Only in America, could a guy from Mexico, immigrate to the United States, study at the University of Pennsylvania’s Wharton Business School and open Sweet Paris, a French creperie in Texas.
That’s the story of 35-year-old Ivan Chavez, who opened Sweet Paris, with his wife Allison, and now has 11 thriving locations, and is looking to expand.
Chavez grew up in Mexico surrounded by creperies on the street. Inspired by them, he bought himself a crepe maker, experimented with several ingredients, and devised his signature crepe recipes.
Now his 11 creperies generate about $1 million each in revenue. Ten of them are situated in Texas, including three in Houston and one each in San Antonio and Austin, and one is based on a licensing agreement at the Vidanta Resort in Mexico.
Of the 10 located in Texas, four are company-owned and six are franchised. And Chavez has already signed agreements with franchisees to venture into Oklahoma City and Tulsa.
He’s strategically exploring Florida, Las Vegas, Nevada and California to extend Sweet Paris’ reach in several directions.
Why did he turn to franchising? He was reluctant to explore it and relinquish control, but Kevin Hogan of LDC Franchising convinced him that if he managed the relationship with franchisees from day one and let them know they were buying access to his customers, it could succeed.
Chavez admits candidly that it hasn’t been easy to always maintain control, but “we drilled down on training” to ensure consistency. Moreover, he and Allison visit the franchisee every six weeks and review a check list of 333 points—he’s quite precise about that number—that must be adhered to.
The biggest issue with franchising, Chavez notes, “”is getting the right managers.”
Chavez worked for a large hospitality company for six years and saved his money. When he opened his first Sweet Paris in Houston in 2012, he tapped the $300,000 that he had banked. Talk about making the American Dream come true.
Opening up a Sweet Paris outlet entails a $45,000 franchise fee with a 5% royalty. It usually costs between $750,000 and $900,000 to get if off the ground, but Chavez says that landlords often give a discount to attract it, which can lower the cost by as much as $200,000.
One reason why Sweet Paris has prospered is that patrons need an alternative to dining out on the same- old, same-old menus of burgers, tacos and pizza. “There’s a novelty to dining on crepes. Many of our consumers are younger and they’ve never had one before,” he says.
And about 75% of its clientele is female. The misconception for men is that crepes won’t fill you up, though Chavez vows that they can.
Besides crepes, the menu offers waffles, soups, salads, milkshakes and beer and wine. The average ticket price is $18 and most items cost about $10.
It generates most of its revenue at breakfast and lunch.
The pandemic shuttered all of its locations temporarily and forced it to make adjustments. As a result, it transformed, through the start of the pandemic, into what Chavez calls “a take-out only restaurant.”
Pre-pandemic takeout orders were only 1.5%, and it had no online ordering and partnered with only one third-party deliverer. That has all changed.
Now its revenue has returned to pre-pandemic levels. He attributes its bounce back to its ability to “establish itself as a safe place to eat with extraordinary health and cleanliness standards.”
It invested in digital sales, switched to a new online ordering system, connected with Uber Eats and DoorDash and introduced curb side pick-up. “Now our take-out sales hover around 15% of revenue, sometimes more,” he notes.
Currently, its patios fill up fastest, but all Sweet Paris locations are open for indoor dining with 75% capacity in Texas, up from previous 25% and then 50% capacity.
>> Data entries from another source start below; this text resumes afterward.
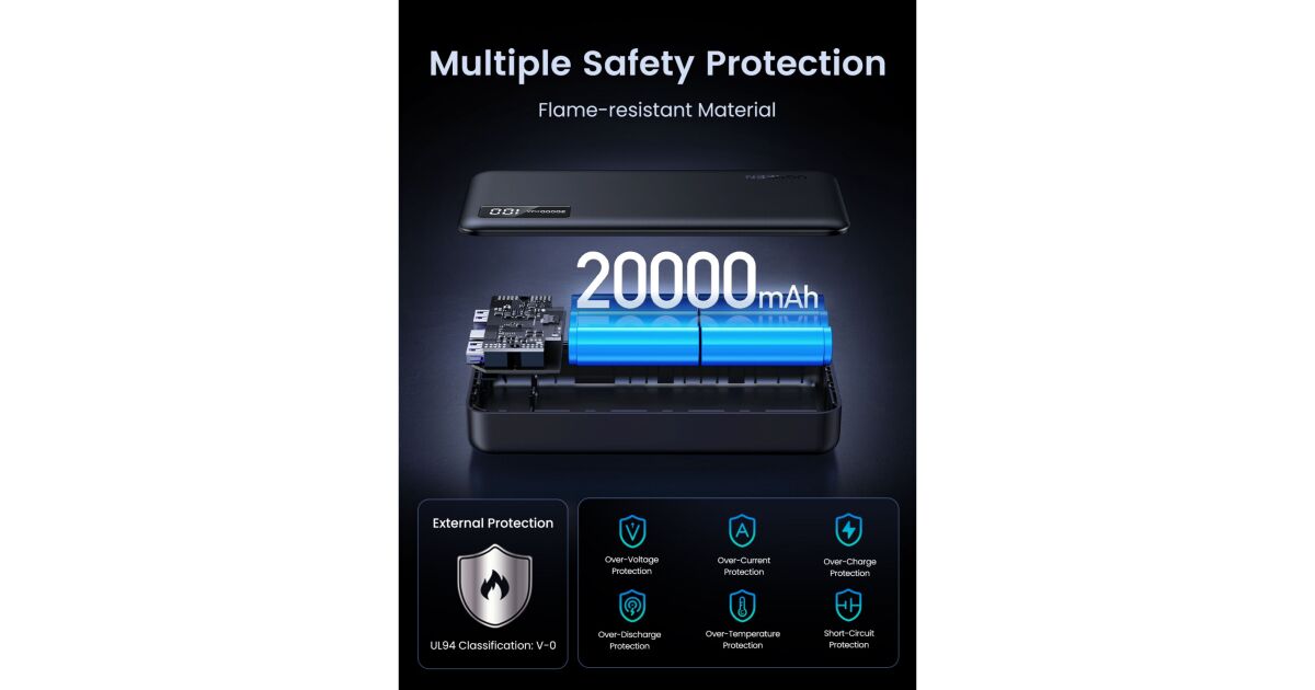 - Pojemność 20000mAh: Wiele cykli ładowania dla Twojego telefonu i innych urządzeń.
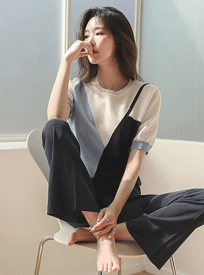 斜线 鲜明 混合颜色 半袖 针织t恤
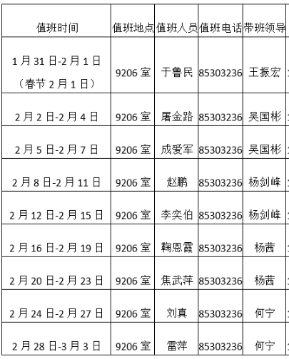 太阳成集团tyc151cc寒假值班安排表
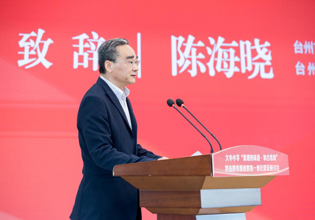 陈海晓表示,台州市坚持以习近平总书记关于思政课建设的重要论述为指引,大力推进大中小学思政教育一体化建设,在全省率先建立台州市大中小学思政课一体化建设联盟及研究中心,从体制机制、课程资源、师资队伍、育人目标四个方面“一体化推进”,合力打造“和合思政”育人品牌。他指出,推进“大思政课”建设是新时代一项基础性、长期性、全局性的系统工程,台州市教育局将从顶层设计、课程体系和资源整合三个方面全力推进。

Chavez attributes the bounce back to many customers feeling locked in due to the pandemic. “They can’t get away so to be different they go to Sweet Paris in lieu of going to Paris,” he quips.
In fact, its revenues are up 10% over last year. He says guests are being more selective about how often they dine out, and now eating out is a special occasion.
Customer feedback on Yelp.com included Joshua from Houston who wrote, “No matter what you’re looking for, sweet or savory, they have it.” And Angel from Houston sang the praises of the vegan crepe, which he found filling, tasty and healthy.
By end of 2021, Chavez expects to add three franchises and has been looking to add a new company-owned Sweet Paris in Dallas, where they could add as many as five locations.
The key to its continued success, Chavez says, is “evolve and evolve, constantly tweaking with our menu, listening to our customers, and adapting the design.”